An Epic Line in the Sand

Not all epic fantasies deserve the title: limited in character, shallowly worldbuilt, some so-called epics read more like a thriller or an action move than a saga. Kate Elliott’s Black Wolves is not one of these. Epic in length, epic in scope, epic in its cast of characters and threads of storyline, the book is, well, epic.
 
Better yet, it’s an epic saga—starting with one cast of characters, after 100 pages (of 800, note) Elliott boldly skips us forward two generations, killing some of the characters we were following and severely aging the rest. Royal (and bastard) bloodlines are central to the story, and in a world where there are eight types of sentient species, crossed blood takes on a whole new significance.
 
The book is epic in scope: set in “the hundred,” a vast land with well-written cultures, climates and economies, we soon learn it has enemies, ancestors and trading partners to all sides, not to mention an Empire that dwarfs it. Black Wolves is mysteriously (and frustratingly) without an opening map, as though to say the world wouldn’t fit, so why try?
 
The book is epic in character. They are old and young, male and female, from every culture and species important to the plotline. Elliot has a touch for creating loveable, unique characters, whether major or minor, and they a big part of the reason this 800-page book never feels long.
 
Okay, it’s epic. But is it worth a read? That depends on what you’re ready for. Though it never gets ponderous, the many plotlines don’t come together in an (ahem) epic finale so much as sort of crisscross as the plot thickens. Something like the end of Joe Abercrombie’s The Blade Itself, or some of the middle Wheel of Time novels, the ending lacks a big climax—it feels more like middle action for a climax that’s so epic we need another 800 page book to get there. So here’s where the line gets drawn in the fantasy sand: an epic reader will be okay with this. Many others, after 800 pages of reading, will not.
 
And some of us will have a foot in both camps. I’m a lover (and writer) of epic fantasy—but also a lover of solid beginnings middles and ends—which Elliott doesn’t really give us.
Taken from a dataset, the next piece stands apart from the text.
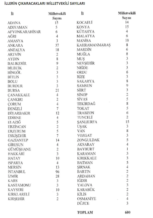 Türkiye İstatistik Kurumu’nun 31 Aralık 2025 tarihli nüfus verileri esas alınarak yapılan düzenlemeye göre, toplam 600 milletvekilliğinin dağılımında her ile 1 milletvekili garantisi verildi, kalan sandalyeler ise nüfusa göre paylaştırıldı.

A few well-timed surprises or plot twists might ameliorate this somewhat, but most of the twists and reveals that come are foreshadowed enough to carry little surprise when they hit.
 
This can be a strength, if you’re invested for the long haul. At book’s end we feel we’re just scratching the surface of the magic and plots afoot, and the cultures and people that inhabit Elliott’s world. That’s impressive for an 800-page book that never gets dull, but may be a stretch for those of us without Dostoyevskian amounts of time to sit and read by firelight.
 
There’s no doubt which side of the epic line Elliott’s new novel falls on. And if you’re not sure where you do, Black Wolves will sort you out.